1.78 TB Speicherplatz (rein rechnerisch) verteilt auf 6 Platten. Auch wenn zwei ausfallen, ist das Dateisystem noch voll nutzbar. Aber wie ihr sehr, sind nur noch wenige GB frei. Werde das System deshalb sehr bald erweitern. Drei 250GB Platten fliegen dann raus, stattdessen kommen dann 3x 1.5TB rein.



TS-JC hat gesagt.:


> Eine andere Frage.. DVD sieht dir zu schlecht aus? Also ich habe nie eine Auflösung auch nur annähernd in der Größe gehabt (19" bei 1280x1024 reicht mir vollkommen), aber kann das wirklich sein das es dabei so schlecht aussieht?



Ja, das Bild sieht echt schlecht aus. Vielleicht hast du schon mal bei Mediamarkt & Co. die neuen HD Fernseher gesehen, die ein Analog-Signal bekommen. Der Fernseher muss das Bild dann auf eine entsprechende Auflösung aufblasen. Dabei verliert man an Qualität und das sieht man.


----------



## darkframe (26. November 2008)

Hi,


port29 hat gesagt.:


> Ich habe mir den Wiki Artikel zu dem Thema noch nicht ganz durchgelesen. Aber wo sitzt dieser Chip? Im Monitor bzw. Display - das ist klar. Aber wo sitzt er im Rechner? Im BD Laufwerk oder auf der Grafikkarte? Ich hab nur so nebenbei mal mitbekommen, dass auch dieser Schutz bereits geknackt wurde. Dementsprechend würde man diesen Chip umgehen, in dem man die Disc rippt. (Ob das jetzt legal ist oder nicht, mal beiseite gestellt)
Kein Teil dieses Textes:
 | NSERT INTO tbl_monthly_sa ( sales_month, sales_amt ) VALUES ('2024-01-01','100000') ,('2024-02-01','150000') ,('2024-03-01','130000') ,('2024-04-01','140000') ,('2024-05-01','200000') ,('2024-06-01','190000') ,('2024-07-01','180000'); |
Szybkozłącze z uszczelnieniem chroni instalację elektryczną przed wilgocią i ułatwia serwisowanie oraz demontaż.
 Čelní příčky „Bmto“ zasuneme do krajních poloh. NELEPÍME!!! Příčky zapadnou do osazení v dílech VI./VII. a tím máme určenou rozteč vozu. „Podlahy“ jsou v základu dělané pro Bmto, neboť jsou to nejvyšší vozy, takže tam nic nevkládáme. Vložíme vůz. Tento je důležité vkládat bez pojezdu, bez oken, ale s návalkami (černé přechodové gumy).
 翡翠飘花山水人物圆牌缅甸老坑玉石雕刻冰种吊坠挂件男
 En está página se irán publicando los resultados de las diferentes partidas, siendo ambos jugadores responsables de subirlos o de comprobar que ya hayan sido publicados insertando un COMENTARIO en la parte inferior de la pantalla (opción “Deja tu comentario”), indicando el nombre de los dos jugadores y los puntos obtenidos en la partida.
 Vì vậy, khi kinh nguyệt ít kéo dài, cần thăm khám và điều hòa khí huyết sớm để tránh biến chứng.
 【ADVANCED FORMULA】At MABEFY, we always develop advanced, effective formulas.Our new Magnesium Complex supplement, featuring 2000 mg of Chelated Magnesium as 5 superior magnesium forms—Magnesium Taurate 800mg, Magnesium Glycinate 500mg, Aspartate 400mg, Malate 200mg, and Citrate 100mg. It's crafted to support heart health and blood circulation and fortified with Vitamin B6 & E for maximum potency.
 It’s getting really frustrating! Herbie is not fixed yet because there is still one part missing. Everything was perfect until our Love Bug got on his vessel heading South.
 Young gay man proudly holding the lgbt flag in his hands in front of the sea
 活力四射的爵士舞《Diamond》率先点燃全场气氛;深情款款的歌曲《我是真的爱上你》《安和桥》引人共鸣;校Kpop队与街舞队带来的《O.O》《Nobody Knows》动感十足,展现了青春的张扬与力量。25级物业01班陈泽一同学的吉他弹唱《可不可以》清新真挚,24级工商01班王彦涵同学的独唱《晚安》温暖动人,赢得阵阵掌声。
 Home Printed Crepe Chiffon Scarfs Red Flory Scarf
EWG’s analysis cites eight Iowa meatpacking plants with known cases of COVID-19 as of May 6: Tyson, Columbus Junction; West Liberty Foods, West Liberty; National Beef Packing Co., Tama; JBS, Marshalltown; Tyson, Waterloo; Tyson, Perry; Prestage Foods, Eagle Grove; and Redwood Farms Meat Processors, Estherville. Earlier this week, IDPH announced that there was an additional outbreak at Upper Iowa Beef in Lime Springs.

sorry, wo der Chip genau sitzt, weiß ich auch nicht.

In der Tat ist der Kopierschutz mittlerweile wohl geknackt worden (siehe hier). Da werden dann sicher wieder Gegenmaßnahmen folgen und Gegen-Gegenmaßnahmen und Gegen-Gegen-Gegen... etc., etc.

Zu den Preisen: Bei Neuerscheinungen finde ich die noch zu hoch. Wenn man aber etwas Geduld hat, dann fallen die Preise tatsächlich oft auf DVD-Niveau.


----------